One consequence could be to establish the boundaries of quantum mechanics, which says particles can suddenly jump from one place to another without traversing the space in between. Penrose's intuition, although he has no proof, is that these effects may apply not just to atoms but also to objects as big as brain cells. An act of creative thinking, he argues, could be the outward manifestation of neurons making quantum jumps from one energy state to another. Since computers do not operate by quantum rules, he says, they will never have insights.

Moreover, he believes, quantum gravity could be behind consciousness itself. The argument is tricky, but one reason for this belief is that consciousness carries with it a peculiarity that baffles physics: humans perceive time as moving forward rather than backward.
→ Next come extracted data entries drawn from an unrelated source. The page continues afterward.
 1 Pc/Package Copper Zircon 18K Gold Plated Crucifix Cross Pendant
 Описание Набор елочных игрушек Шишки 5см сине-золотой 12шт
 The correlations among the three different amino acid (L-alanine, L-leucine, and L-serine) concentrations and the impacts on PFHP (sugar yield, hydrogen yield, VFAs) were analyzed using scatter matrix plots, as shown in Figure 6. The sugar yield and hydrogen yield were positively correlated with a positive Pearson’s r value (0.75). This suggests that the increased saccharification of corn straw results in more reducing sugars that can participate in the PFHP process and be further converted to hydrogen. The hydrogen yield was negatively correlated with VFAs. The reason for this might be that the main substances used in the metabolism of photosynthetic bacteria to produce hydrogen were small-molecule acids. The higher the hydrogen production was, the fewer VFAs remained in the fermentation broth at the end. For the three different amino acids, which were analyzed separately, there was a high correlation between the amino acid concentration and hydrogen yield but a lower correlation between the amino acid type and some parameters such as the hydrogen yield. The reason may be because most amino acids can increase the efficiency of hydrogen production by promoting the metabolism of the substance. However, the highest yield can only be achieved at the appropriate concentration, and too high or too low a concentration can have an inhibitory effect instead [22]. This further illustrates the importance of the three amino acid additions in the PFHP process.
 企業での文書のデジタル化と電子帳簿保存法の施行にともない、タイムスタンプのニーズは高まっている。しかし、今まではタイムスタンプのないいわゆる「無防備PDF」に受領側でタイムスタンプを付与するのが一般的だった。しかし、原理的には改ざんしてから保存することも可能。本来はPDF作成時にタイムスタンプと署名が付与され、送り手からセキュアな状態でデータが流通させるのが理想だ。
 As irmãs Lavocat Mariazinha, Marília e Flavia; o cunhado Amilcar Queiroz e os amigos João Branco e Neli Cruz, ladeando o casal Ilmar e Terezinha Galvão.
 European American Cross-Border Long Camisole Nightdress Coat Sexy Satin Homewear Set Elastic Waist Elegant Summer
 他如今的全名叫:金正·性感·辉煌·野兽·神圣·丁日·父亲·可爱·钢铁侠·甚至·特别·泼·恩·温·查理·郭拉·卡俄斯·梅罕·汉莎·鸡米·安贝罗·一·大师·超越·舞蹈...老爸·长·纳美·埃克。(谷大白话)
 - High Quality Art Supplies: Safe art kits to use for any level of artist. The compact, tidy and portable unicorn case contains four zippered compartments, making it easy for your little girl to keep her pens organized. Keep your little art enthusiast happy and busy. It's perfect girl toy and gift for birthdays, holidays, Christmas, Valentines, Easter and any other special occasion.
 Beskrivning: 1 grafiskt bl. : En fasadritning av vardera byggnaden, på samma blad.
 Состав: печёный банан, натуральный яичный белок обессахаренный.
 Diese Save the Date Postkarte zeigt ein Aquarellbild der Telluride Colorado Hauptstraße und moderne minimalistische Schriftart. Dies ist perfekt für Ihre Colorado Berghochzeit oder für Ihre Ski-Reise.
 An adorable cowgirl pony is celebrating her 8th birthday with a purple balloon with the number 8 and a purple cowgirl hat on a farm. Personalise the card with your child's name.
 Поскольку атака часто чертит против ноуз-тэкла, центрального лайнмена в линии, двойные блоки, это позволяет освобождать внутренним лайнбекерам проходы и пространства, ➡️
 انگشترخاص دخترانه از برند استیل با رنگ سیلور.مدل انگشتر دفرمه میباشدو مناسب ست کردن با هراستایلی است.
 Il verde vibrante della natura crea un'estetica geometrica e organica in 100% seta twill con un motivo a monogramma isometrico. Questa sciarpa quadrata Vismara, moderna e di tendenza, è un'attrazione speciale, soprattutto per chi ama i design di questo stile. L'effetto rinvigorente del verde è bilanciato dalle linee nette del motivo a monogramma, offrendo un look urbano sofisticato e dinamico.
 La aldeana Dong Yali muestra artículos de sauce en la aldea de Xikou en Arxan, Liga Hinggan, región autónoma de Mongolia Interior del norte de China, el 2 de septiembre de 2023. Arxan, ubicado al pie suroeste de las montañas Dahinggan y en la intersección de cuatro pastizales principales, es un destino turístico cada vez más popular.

But virtually all the laws of physics are time symmetric -- they work equally well in forward or in reverse -- and the mind presumably operates by physical laws.

Penrose's answer is that when quantum gravity is finally constructed, it will prove to be time asymmetric -- that is, it will not work in reverse. Why? Because the Big Bang that started the universe must, at its earliest moments, have been governed by quantum gravity. And the Big Bang was surely a time- asymmetric phenomenon that could not happen in reverse. If quantum gravity winds up being the theory governing the mind, that will also explain why time moves forward, not backward.

In short, Penrose believes human creativity and consciousness are nothing less than the perceptible workings of the most basic laws of the universe. It is a bolder position than other physicists are prepared to take, but Penrose likes to be different. Says he: "Worrying about things that no one else worries about is where insights come from."